Finance

TRUMP Token Faces Growing Selling Pressure as Market Dynamics Shift

2025-01-20

Author: Li

U.S. President-elect Donald Trump's TRUMP token has recently captured significant attention in the cryptocurrency landscape, climbing to become the 21st largest digital asset with a remarkable market cap of $11 billion in just 48 hours.

In an impressive display of trading activity, the TRUMP/USDT pair has taken the lead as the most traded pair on Binance, the world's largest cryptocurrency exchange, accounting for 13.3% of the total trading volume, as highlighted by Coingecko data.

However, amidst this initial excitement, investors and traders interested in capitalizing on the potential rally leading up to Trump’s inauguration should approach with caution. A pivotal indicator within the derivatives market has shown a bearish divergence, raising eyebrows among savvy traders.

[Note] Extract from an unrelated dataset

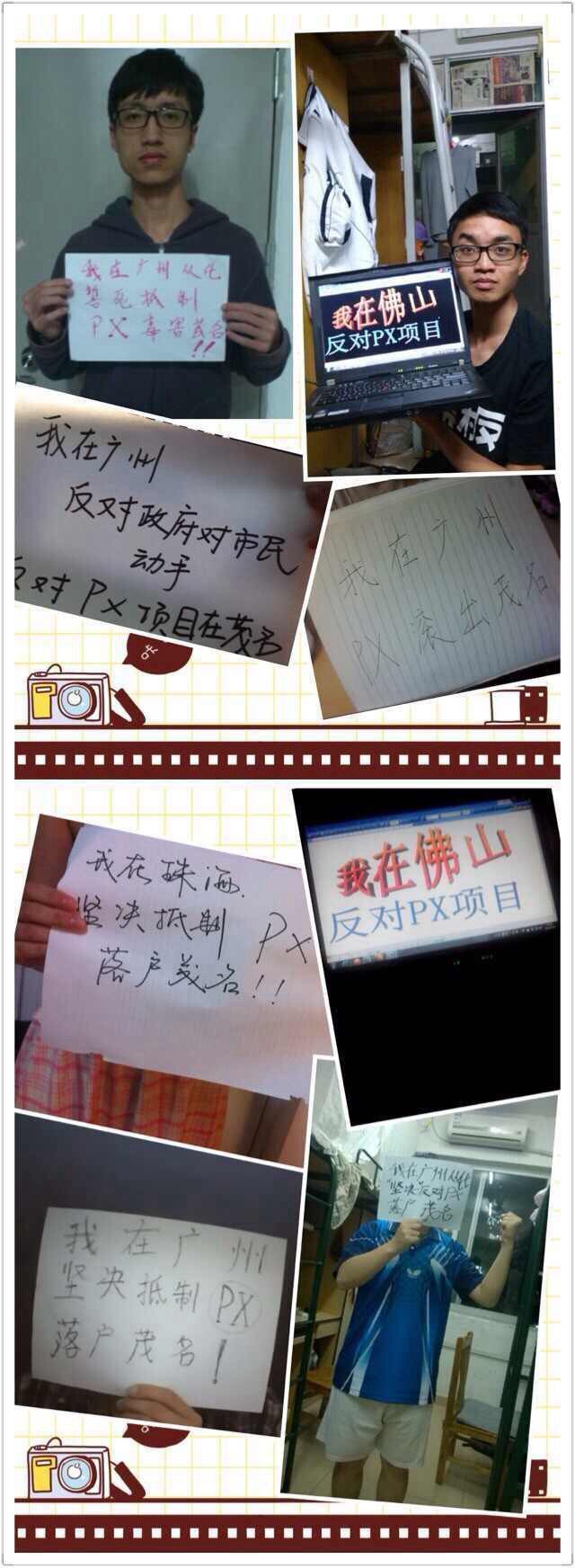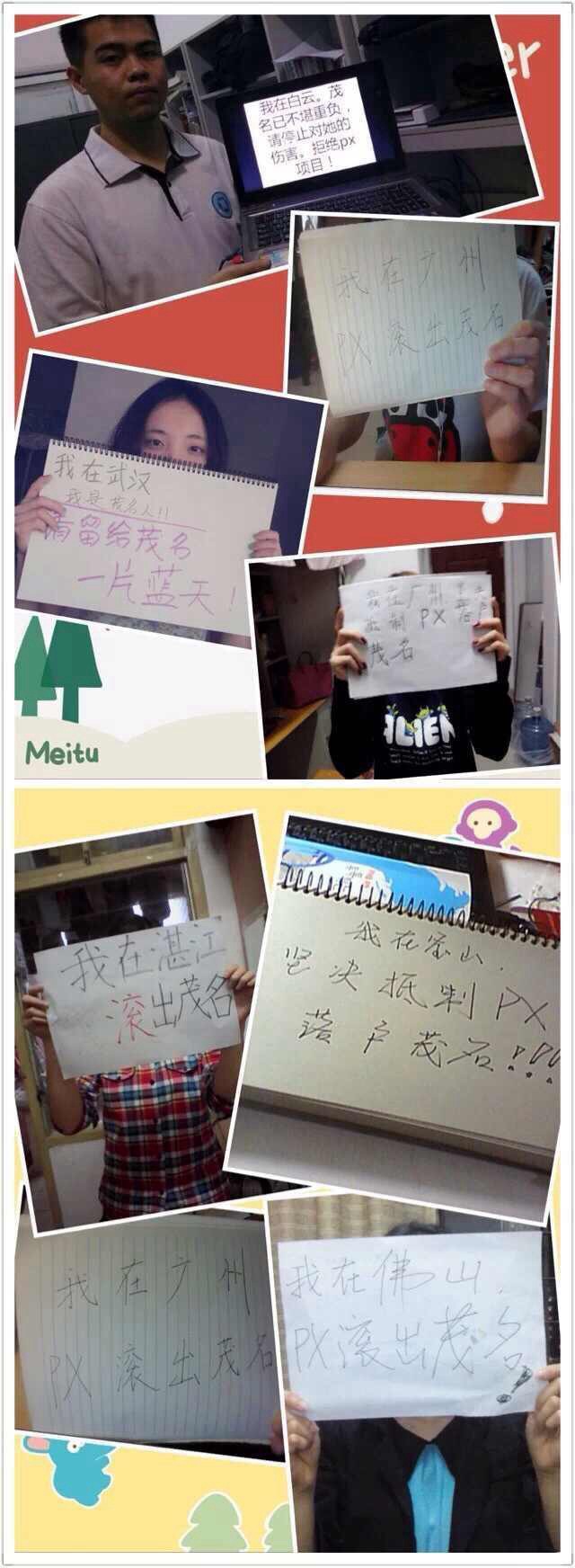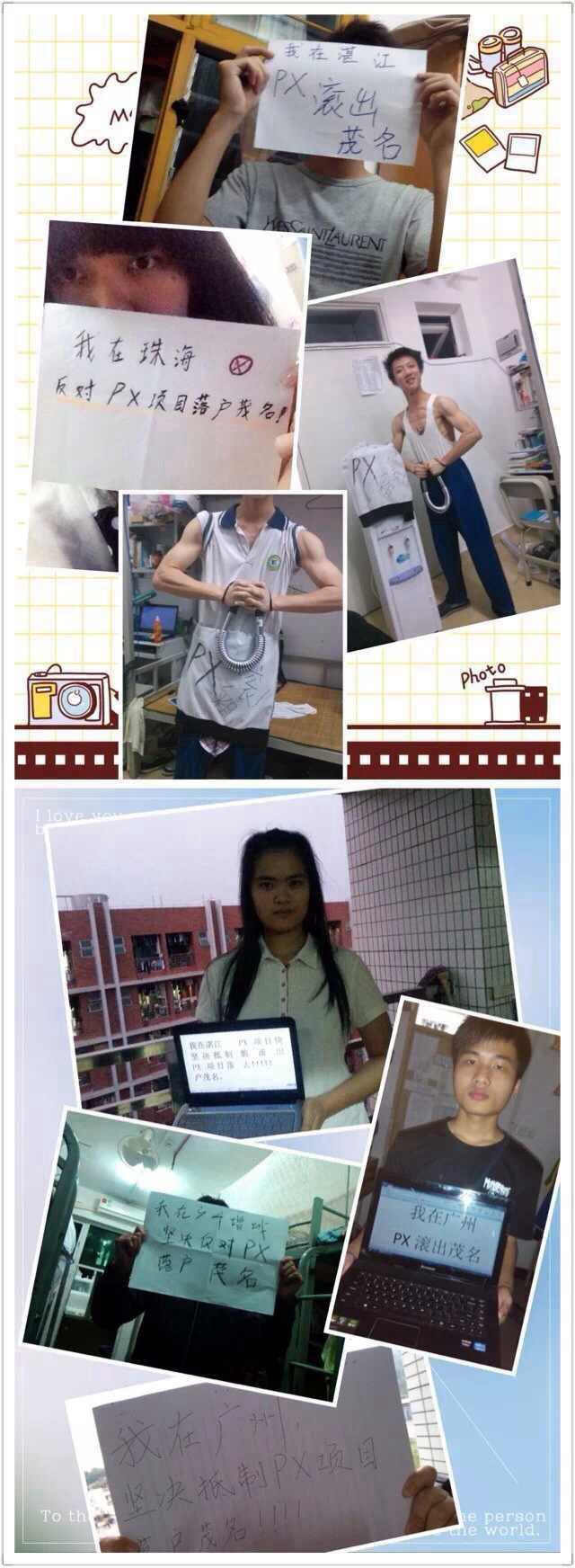 这是来自茂名学子从全国几十所高校发回的诉求与对家乡的期望,我们不是愤青,只是想通过这种和平的方式表达自己的观点,无论这个项目好坏与否,它都是一个不得人心的项目。政府应该考虑的是充分了解我们的诉求,而不是通过打压和茂名人民作对抗,我们不愿意看到暴力,我们需要的只是一个还能居住的家,一个能让我们在外地还能引以为傲的海滨城市…

In the last 24 hours, open interest in TRUMP perpetual futures has surged by 6%, as reported by Velo Data. Despite experiencing a notable price dip from $70 down to $58 during the Asian trading hours, the asset has managed to post a modest 3% increase overall.

The concerning sign lies in the perpetual futures cumulative volume delta, which tracks the difference between buying and selling volumes. This metric has dropped by over 1%, hinting at an uptick in selling activity. This trend suggests that traders are opting for outright shorts or bearish plays, or are liquidating their long positions, which could foreshadow potential declines.

Moreover, the current state of the TRUMP market appears overheated: traders maintaining long positions are required to pay an astonishing annualized funding fee exceeding 170% to short sellers. If the rally loses steam, the financial strain on long holders could trigger a widespread unwinding of bullish positions, catalyzing a significant price decline.

Charts indicate that numerous major cryptocurrencies have also faced net selling in perpetual futures over the past day, signaling a broader trend of caution among market participants. This behavior often aligns with what’s termed "sell the fact" syndrome, where traders preemptively cash in or bet against an asset leading up to significant events such as an inauguration.

Investors should remain vigilant and prepared, as volatility may be on the horizon for the TRUMP token and possibly the broader cryptocurrency market as the political climate evolves in the coming days.